Methods: Using longitudinal data from the Catalan public health system (2014-2020), we analyzed a cohort of individuals older than 65 years to analyze associations among sociodemographic characteristics, health care system access, and low-acuity ED visits. Low-acuity visits were defined by specific ICD-10 diagnoses selected based on aliterature review. Econometric models, including Poisson and Negative Binomial regressions were used to control for time-related factors (eg, holidays, weekends) and health care supply-side variables (eg, access to primary care).

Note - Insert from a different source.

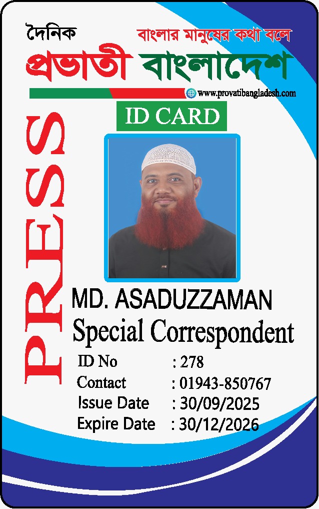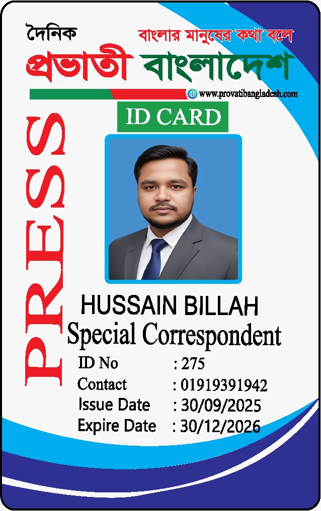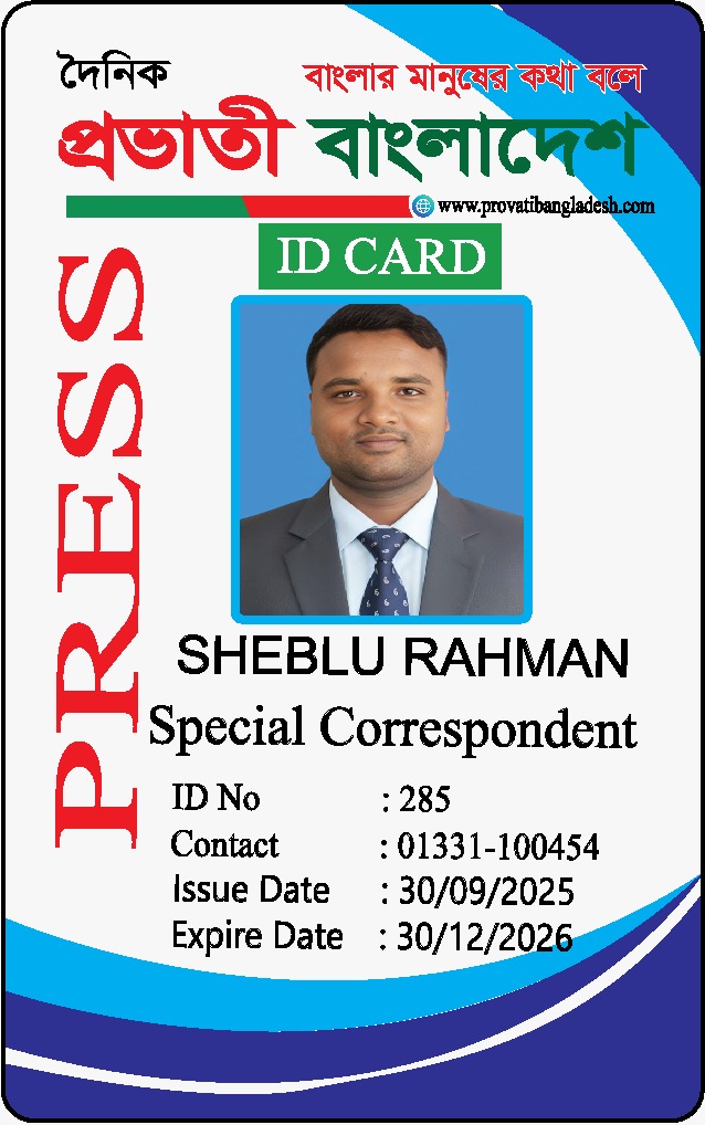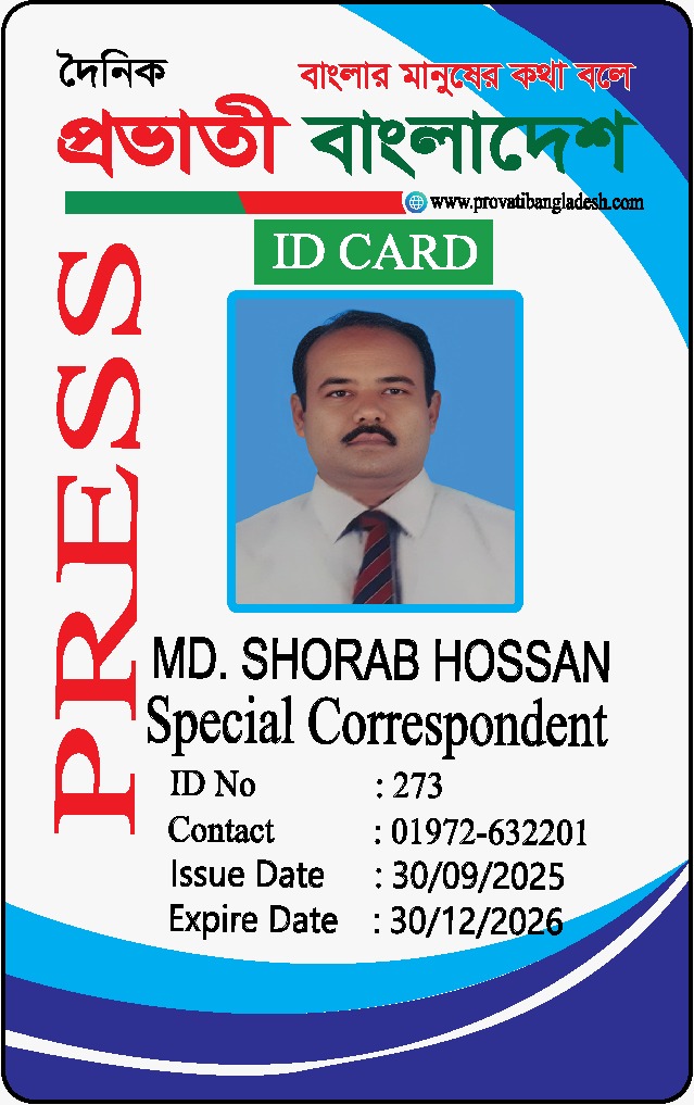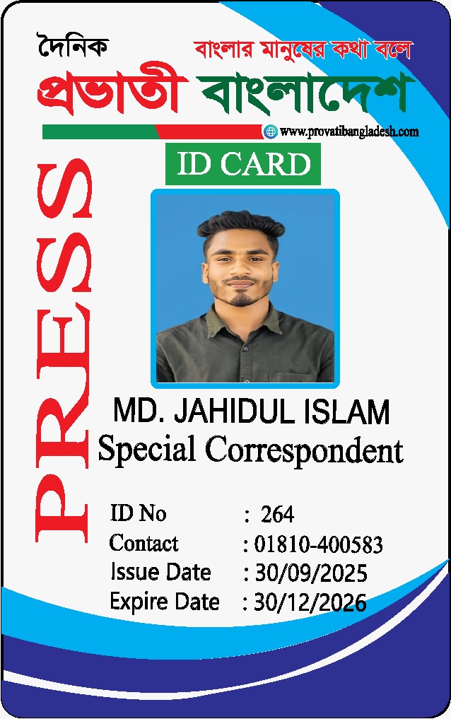 দৈনিক প্রভাতী বাংলাদেশ পরিবারের পক্ষ থেকে সকলকে জানাই আন্তরিক শুভেচ্ছা ও অভিনন্দন। সম্মানিত পাঠক ও শুভানুধ্যায়ীদের অবগতির জন্য জানানো যাচ্ছে যে, দৈনিক প্রভাতী বাংলাদেশ ২০২৬ সাল থেকে সকল অনুমোদিত প্রতিনিধির ছবি আমাদের পরিবার ওয়েবসাইটে দেওয়া হলো ওয়েবসাইটে ছবিবিহীন কোনো ব্যক্তি যদি নিজেদের দৈনিক প্রভাতী বাংলাদেশ এর প্রতিনিধি হিসেবে পরিচয় দেয় অথবা আইডি কার্ড প্রদর্শন করে, তবে বুঝতে হবে যে তারা ভুয়া। এমন পরিস্থিতিতে, সংশ্লিষ্ট ব্যক্তিকে নিকটস্থ আইনশৃঙ্খলা রক্ষাকারী বাহিনীর হাতে তুলে দেওয়ার জন্য বিশেষভাবে অনুরোধ করা হচ্ছে। আমরা আপনাদের সহযোগিতা কামনা করি। ধন্যবাদান্তে, দৈনিক প্রভাতী বাংলাদেশ https://www.provatibangladesh.com/family/প্রকাশক-ও-সম্পাদক-সরোয়া/ https://www.provatibangladesh.com/family/৮-বিভাগের-ব্যুরো-প্রধান/ https://www.provatibangladesh.com/family/বিশেষ-প্রতিনিধি/ https://www.provatibangladesh.com/family/স্টাফ-রিপোর্টার/ https://www.provatibangladesh.com/family/উপজেলা-প্রতিনিধি/ https://www.provatibangladesh.com/family/জেলা-প্রতিনিধি/

Results: Chronic diseases were not significantly associated with higher rates of low-acuity ED visits, suggesting that older adults with chronic conditions don't necessarily rely on EDs for their care. Individuals with higher incomes were less likely to use EDs. Nationality (which may reflect cultural factors, among others) also influenced the number of ED visits, as did hospital complexity. More complex hospitals recorded higher rates of low-acuity visits, leading to increased costs. Periods of peak influx for low-acuity visits were identified, suggesting that extended primary care hours could reduce pressure on EDs.
Conclusions: The study highlights the role of health care access, income, and demographic factors in the use of lowacuity EDs among older adults. Strategies to optimize primary care access and redirect non-urgent cases to lower-cost centers could help reduce ED saturation and improve resource allocation, especially during periods of high demand.